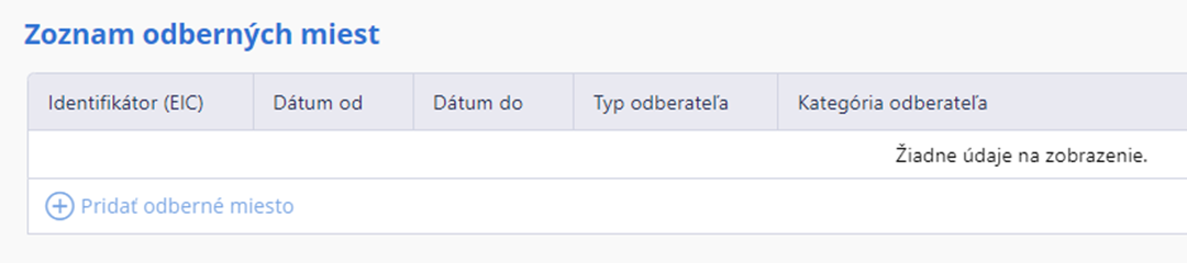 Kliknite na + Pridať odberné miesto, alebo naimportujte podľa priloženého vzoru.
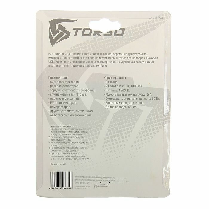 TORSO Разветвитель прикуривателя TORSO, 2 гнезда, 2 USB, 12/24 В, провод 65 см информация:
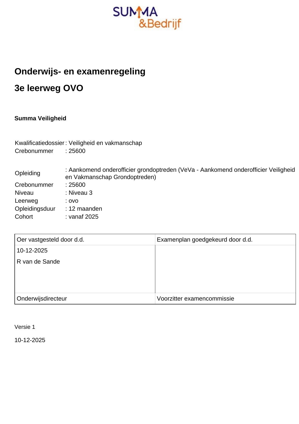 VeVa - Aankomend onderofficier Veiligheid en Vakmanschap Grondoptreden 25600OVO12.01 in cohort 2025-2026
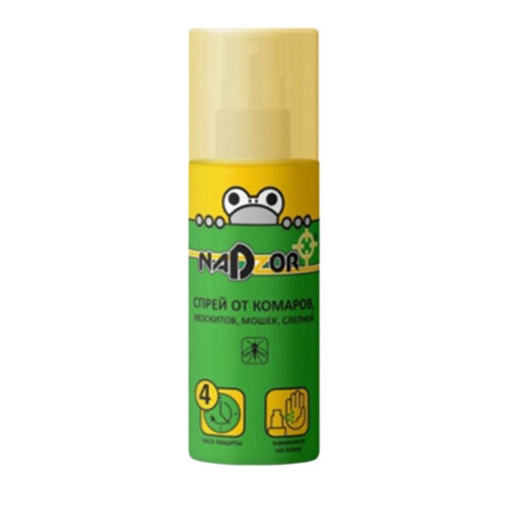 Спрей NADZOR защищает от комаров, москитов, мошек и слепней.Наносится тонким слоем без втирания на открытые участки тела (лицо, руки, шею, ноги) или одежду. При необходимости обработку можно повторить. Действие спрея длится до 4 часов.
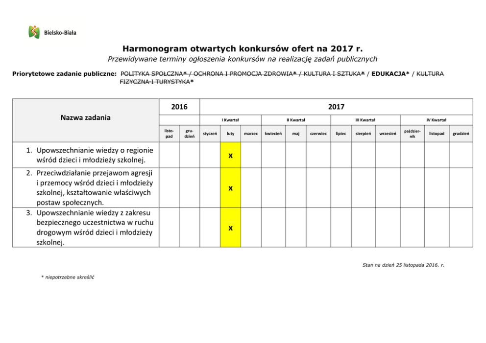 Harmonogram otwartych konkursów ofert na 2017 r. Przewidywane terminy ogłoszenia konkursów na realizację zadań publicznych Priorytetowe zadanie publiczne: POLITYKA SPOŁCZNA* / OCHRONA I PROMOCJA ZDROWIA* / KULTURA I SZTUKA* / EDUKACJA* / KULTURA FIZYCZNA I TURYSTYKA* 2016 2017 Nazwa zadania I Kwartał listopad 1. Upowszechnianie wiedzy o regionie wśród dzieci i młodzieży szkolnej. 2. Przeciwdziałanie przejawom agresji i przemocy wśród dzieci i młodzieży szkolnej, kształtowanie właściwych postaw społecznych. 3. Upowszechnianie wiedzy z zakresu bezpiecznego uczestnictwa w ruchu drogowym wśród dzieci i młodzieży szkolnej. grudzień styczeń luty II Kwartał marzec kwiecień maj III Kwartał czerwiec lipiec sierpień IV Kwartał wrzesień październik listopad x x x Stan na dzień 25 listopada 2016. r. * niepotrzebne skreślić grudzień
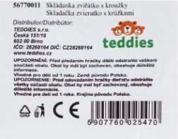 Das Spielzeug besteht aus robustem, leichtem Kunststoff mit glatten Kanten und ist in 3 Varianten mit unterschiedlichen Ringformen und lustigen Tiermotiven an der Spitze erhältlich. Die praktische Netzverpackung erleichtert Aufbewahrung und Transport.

- TASK PROMPT -
Your answer must be the entries repeated exactly, with no pictures.

- SOLVED PROBLEM -
 Kliknite na + Pridať odberné miesto, alebo naimportujte podľa priloženého vzoru.
 TORSO Разветвитель прикуривателя TORSO, 2 гнезда, 2 USB, 12/24 В, провод 65 см информация:
 VeVa - Aankomend onderofficier Veiligheid en Vakmanschap Grondoptreden 25600OVO12.01 in cohort 2025-2026
 Спрей NADZOR защищает от комаров, москитов, мошек и слепней.Наносится тонким слоем без втирания на открытые участки тела (лицо, руки, шею, ноги) или одежду. При необходимости обработку можно повторить. Действие спрея длится до 4 часов.
 Harmonogram otwartych konkursów ofert na 2017 r. Przewidywane terminy ogłoszenia konkursów na realizację zadań publicznych Priorytetowe zadanie publiczne: POLITYKA SPOŁCZNA* / OCHRONA I PROMOCJA ZDROWIA* / KULTURA I SZTUKA* / EDUKACJA* / KULTURA FIZYCZNA I TURYSTYKA* 2016 2017 Nazwa zadania I Kwartał listopad 1. Upowszechnianie wiedzy o regionie wśród dzieci i młodzieży szkolnej. 2. Przeciwdziałanie przejawom agresji i przemocy wśród dzieci i młodzieży szkolnej, kształtowanie właściwych postaw społecznych. 3. Upowszechnianie wiedzy z zakresu bezpiecznego uczestnictwa w ruchu drogowym wśród dzieci i młodzieży szkolnej. grudzień styczeń luty II Kwartał marzec kwiecień maj III Kwartał czerwiec lipiec sierpień IV Kwartał wrzesień październik listopad x x x Stan na dzień 25 listopada 2016. r. * niepotrzebne skreślić grudzień
 Das Spielzeug besteht aus robustem, leichtem Kunststoff mit glatten Kanten und ist in 3 Varianten mit unterschiedlichen Ringformen und lustigen Tiermotiven an der Spitze erhältlich. Die praktische Netzverpackung erleichtert Aufbewahrung und Transport.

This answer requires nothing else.